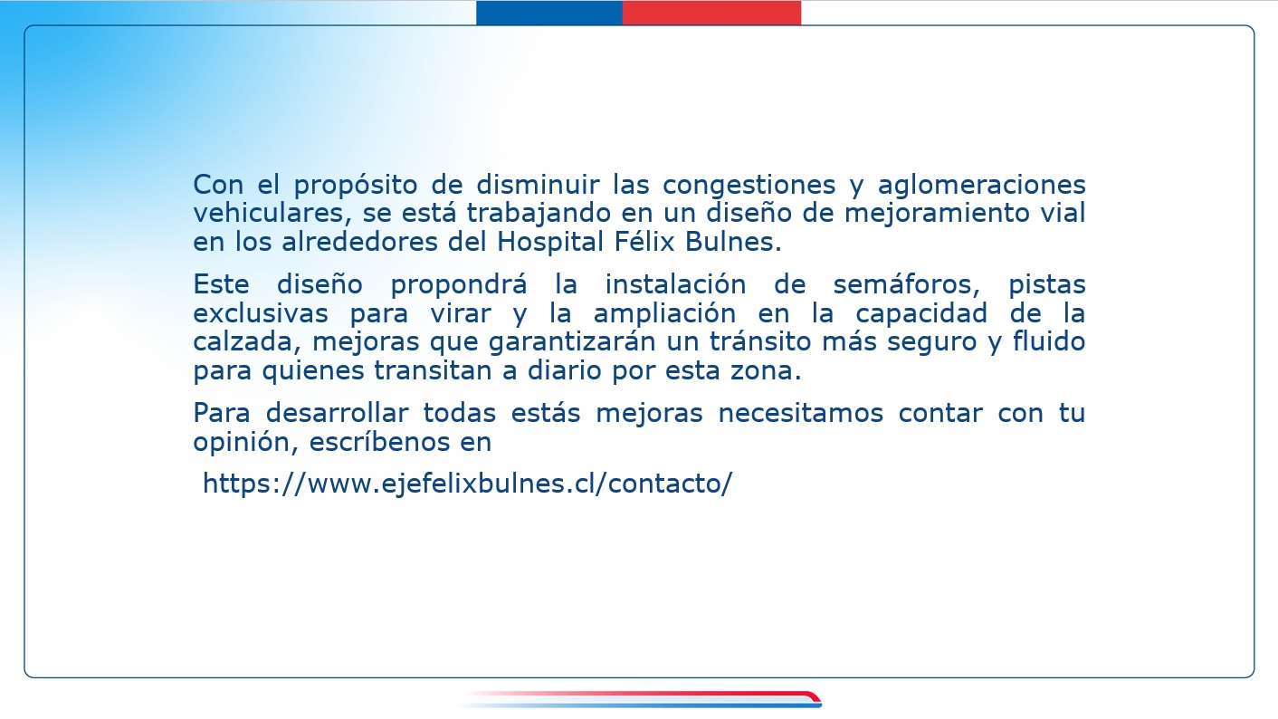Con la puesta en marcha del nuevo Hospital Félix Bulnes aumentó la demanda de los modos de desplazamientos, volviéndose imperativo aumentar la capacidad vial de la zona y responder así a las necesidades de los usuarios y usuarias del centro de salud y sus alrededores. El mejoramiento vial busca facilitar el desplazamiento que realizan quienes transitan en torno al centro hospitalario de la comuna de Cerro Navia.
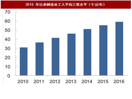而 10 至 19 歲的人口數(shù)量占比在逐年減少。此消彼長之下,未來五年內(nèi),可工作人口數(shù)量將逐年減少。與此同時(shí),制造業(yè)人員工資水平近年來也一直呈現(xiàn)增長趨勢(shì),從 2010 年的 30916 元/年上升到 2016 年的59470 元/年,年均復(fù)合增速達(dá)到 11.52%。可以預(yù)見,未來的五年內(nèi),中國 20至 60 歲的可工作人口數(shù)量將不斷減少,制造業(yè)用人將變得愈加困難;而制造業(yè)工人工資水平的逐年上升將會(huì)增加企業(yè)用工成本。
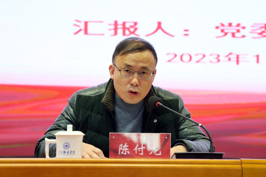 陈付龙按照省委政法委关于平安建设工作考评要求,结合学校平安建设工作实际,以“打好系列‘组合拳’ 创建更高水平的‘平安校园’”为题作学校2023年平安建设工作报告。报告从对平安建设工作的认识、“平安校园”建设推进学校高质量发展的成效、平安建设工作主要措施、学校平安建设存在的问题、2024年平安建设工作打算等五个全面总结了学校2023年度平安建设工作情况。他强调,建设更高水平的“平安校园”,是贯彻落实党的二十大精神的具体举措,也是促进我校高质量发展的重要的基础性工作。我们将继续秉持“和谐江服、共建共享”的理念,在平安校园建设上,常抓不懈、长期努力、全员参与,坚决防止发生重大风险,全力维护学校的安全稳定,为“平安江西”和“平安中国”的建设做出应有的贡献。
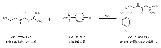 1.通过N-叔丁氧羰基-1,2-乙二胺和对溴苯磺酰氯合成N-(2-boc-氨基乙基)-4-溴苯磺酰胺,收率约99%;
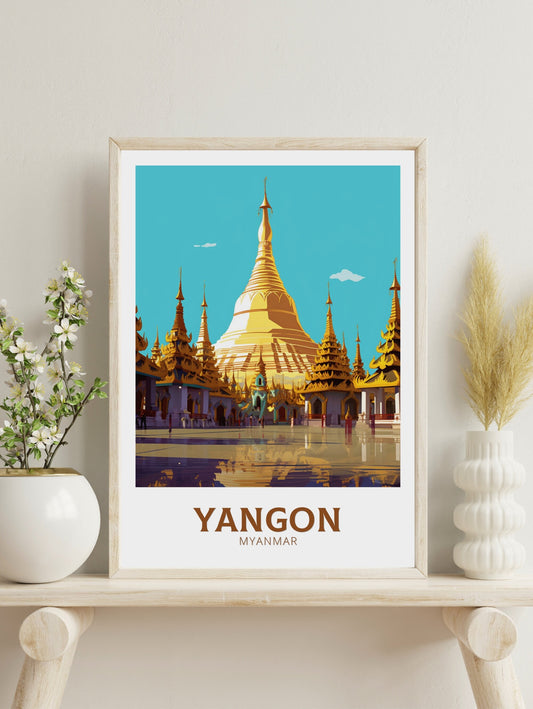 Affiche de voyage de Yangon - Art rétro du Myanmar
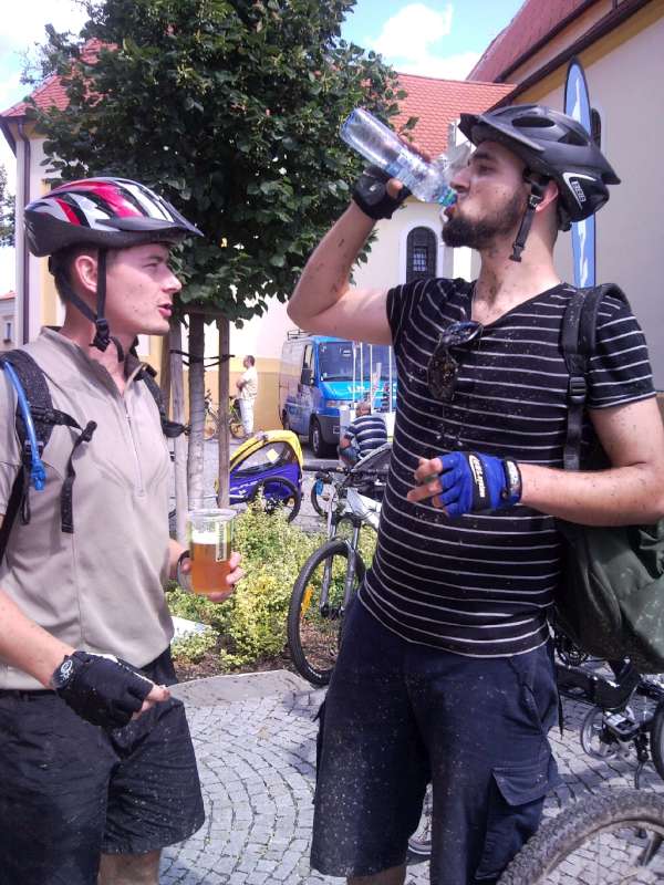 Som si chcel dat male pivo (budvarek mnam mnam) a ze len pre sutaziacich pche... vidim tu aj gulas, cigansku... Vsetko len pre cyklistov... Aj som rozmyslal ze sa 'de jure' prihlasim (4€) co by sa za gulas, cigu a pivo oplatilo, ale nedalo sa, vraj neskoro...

...

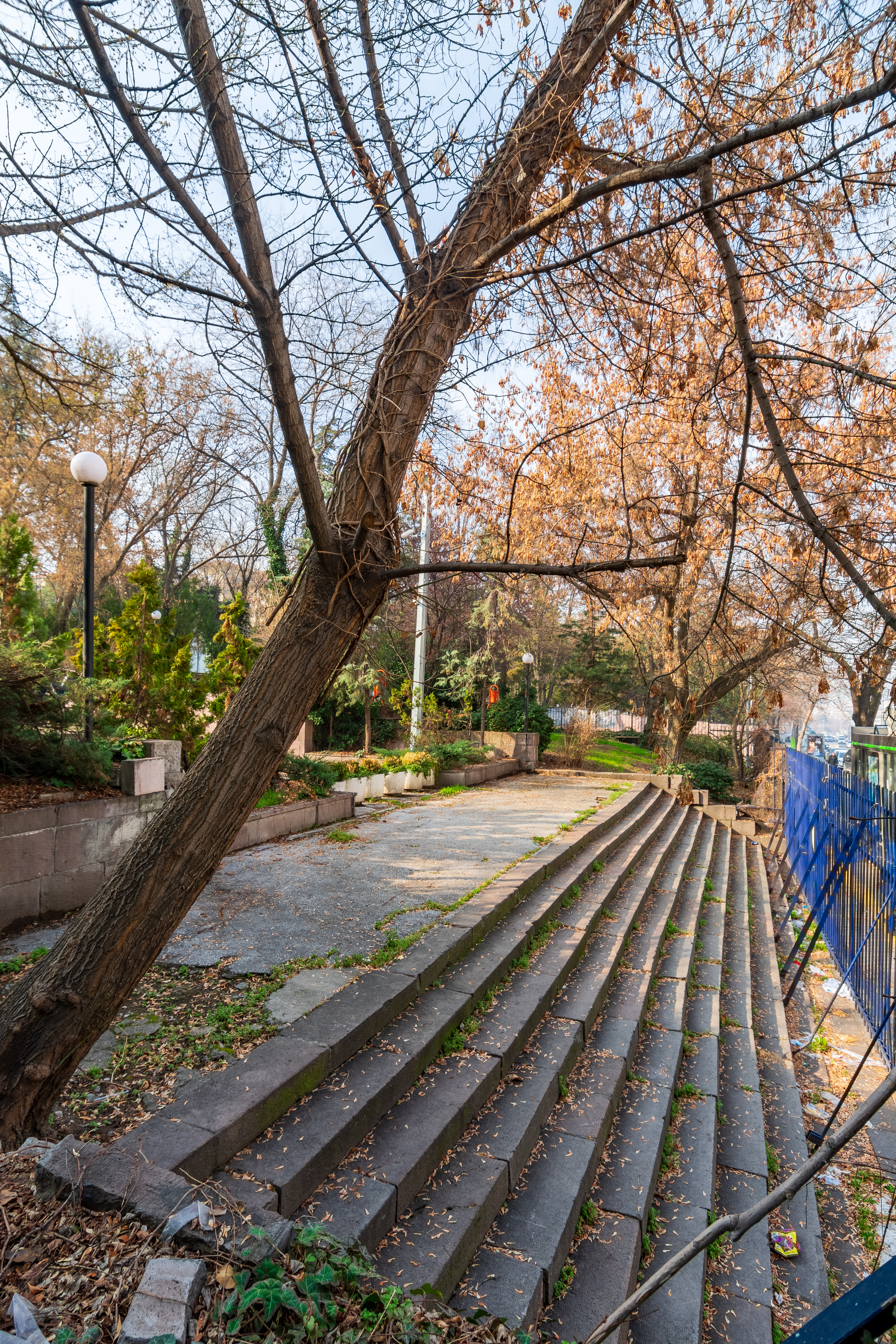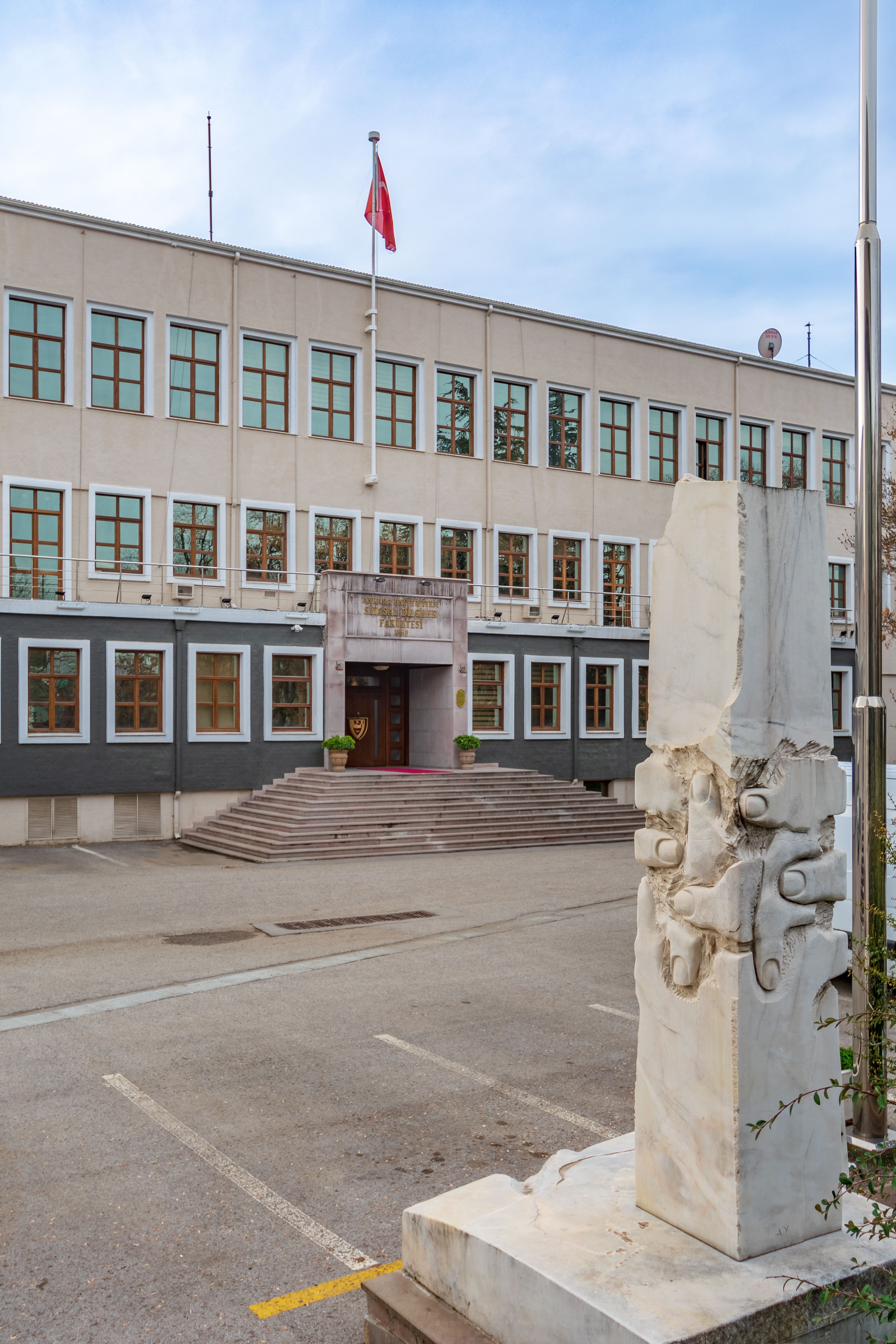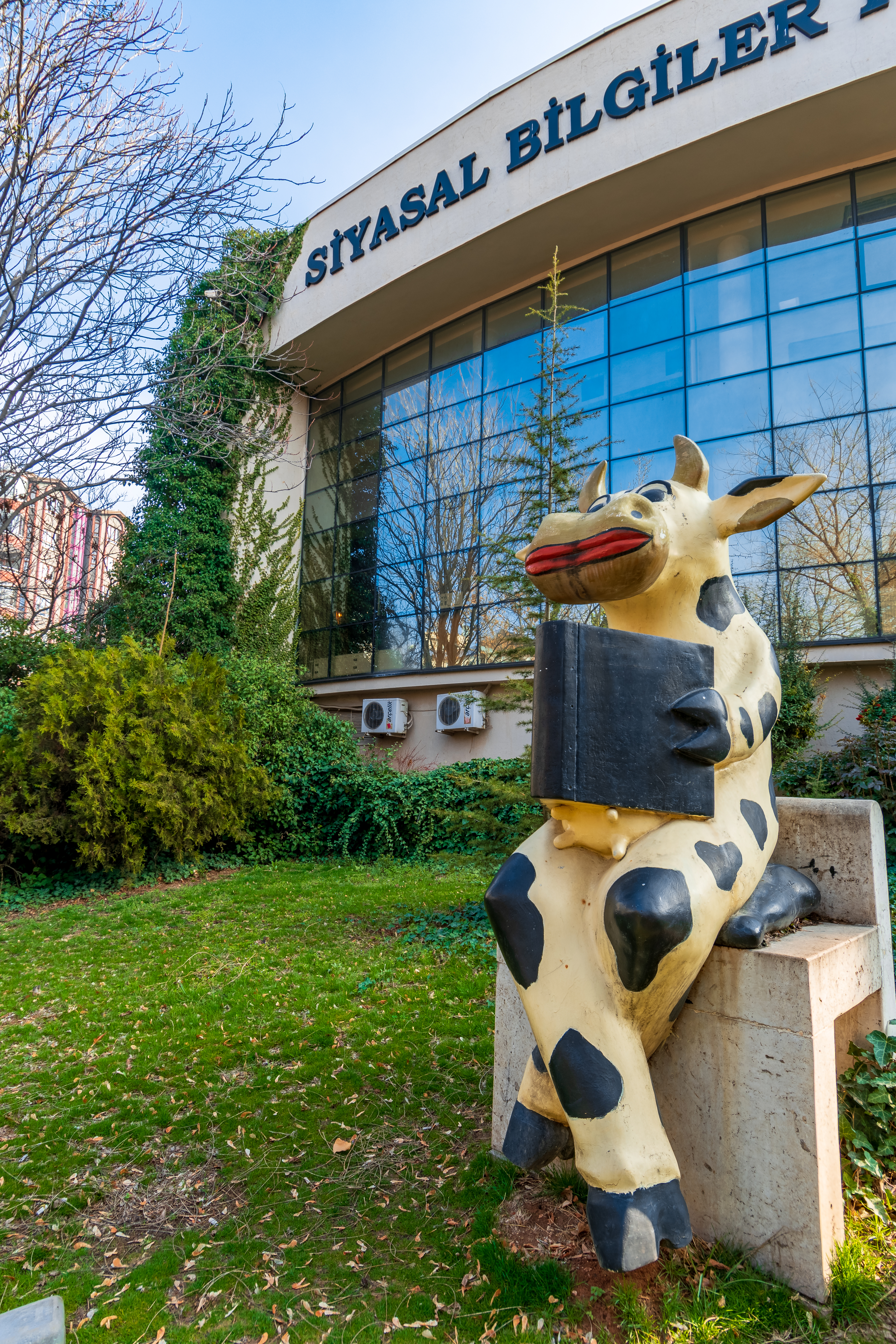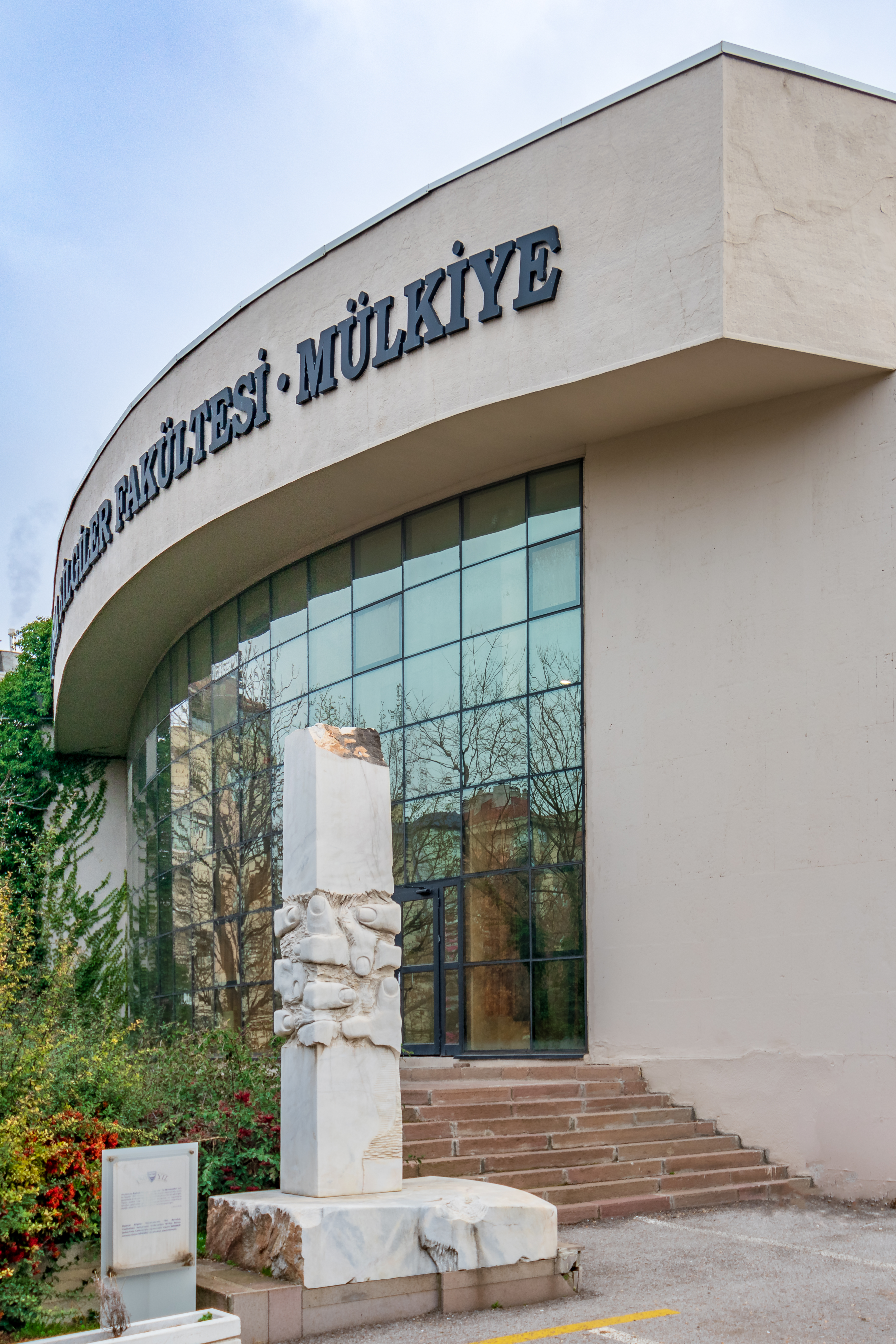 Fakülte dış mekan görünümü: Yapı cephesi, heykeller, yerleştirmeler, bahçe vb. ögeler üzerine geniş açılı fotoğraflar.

* * *

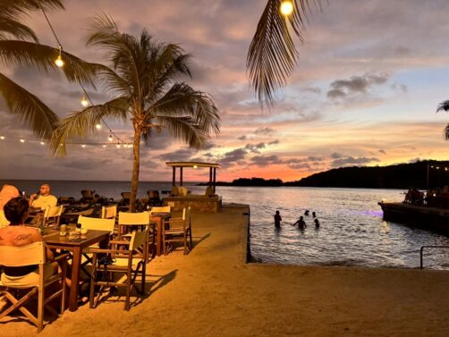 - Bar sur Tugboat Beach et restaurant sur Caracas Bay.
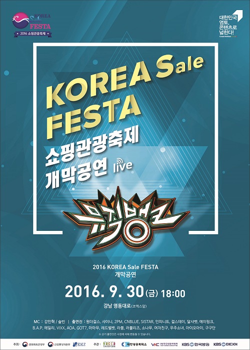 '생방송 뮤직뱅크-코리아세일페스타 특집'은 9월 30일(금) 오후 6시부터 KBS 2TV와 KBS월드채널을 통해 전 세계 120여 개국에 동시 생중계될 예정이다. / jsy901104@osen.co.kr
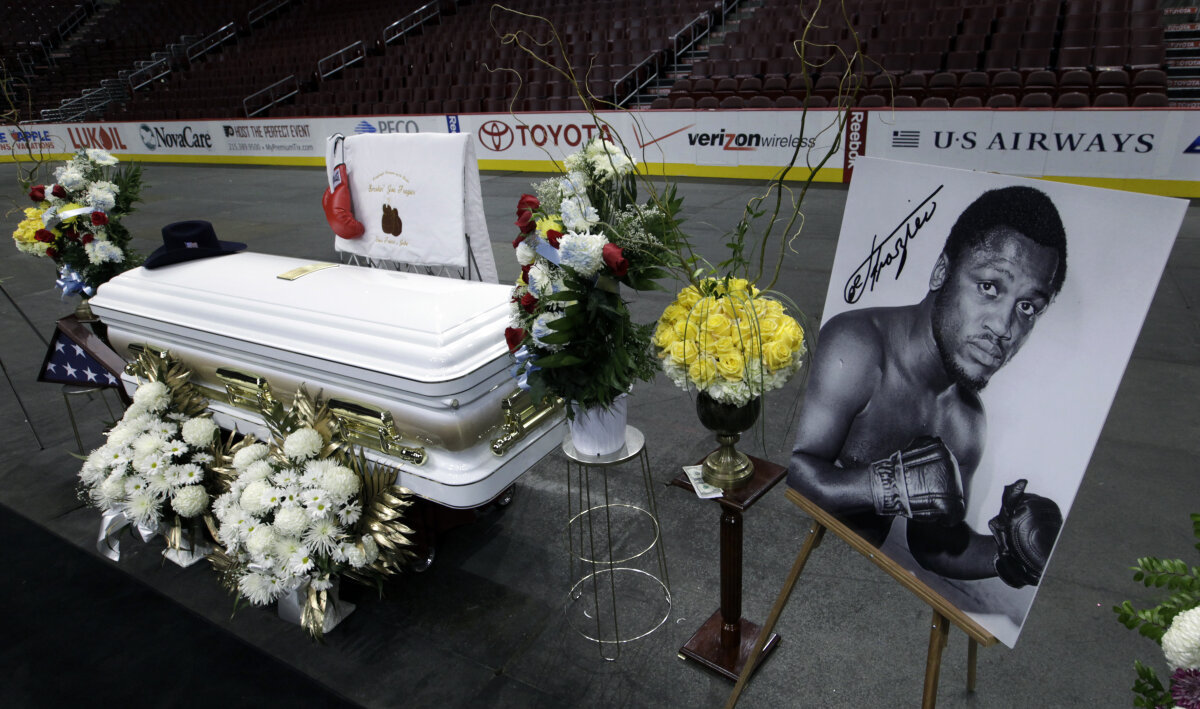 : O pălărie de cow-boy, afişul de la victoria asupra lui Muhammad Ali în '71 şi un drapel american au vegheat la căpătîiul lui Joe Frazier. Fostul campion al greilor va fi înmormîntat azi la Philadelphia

**What is needed**: Given the listing above, repeat exactly the lines starting at the one with "陈付龙按照省委政法委关于平安" and ending at the one with "1.通过N-叔丁氧羰基-1,2-乙二胺和", inclusive, excluding pictures.

**Your solution**:
 陈付龙按照省委政法委关于平安建设工作考评要求,结合学校平安建设工作实际,以“打好系列‘组合拳’ 创建更高水平的‘平安校园’”为题作学校2023年平安建设工作报告。报告从对平安建设工作的认识、“平安校园”建设推进学校高质量发展的成效、平安建设工作主要措施、学校平安建设存在的问题、2024年平安建设工作打算等五个全面总结了学校2023年度平安建设工作情况。他强调,建设更高水平的“平安校园”,是贯彻落实党的二十大精神的具体举措,也是促进我校高质量发展的重要的基础性工作。我们将继续秉持“和谐江服、共建共享”的理念,在平安校园建设上,常抓不懈、长期努力、全员参与,坚决防止发生重大风险,全力维护学校的安全稳定,为“平安江西”和“平安中国”的建设做出应有的贡献。
 1.通过N-叔丁氧羰基-1,2-乙二胺和对溴苯磺酰氯合成N-(2-boc-氨基乙基)-4-溴苯磺酰胺,收率约99%;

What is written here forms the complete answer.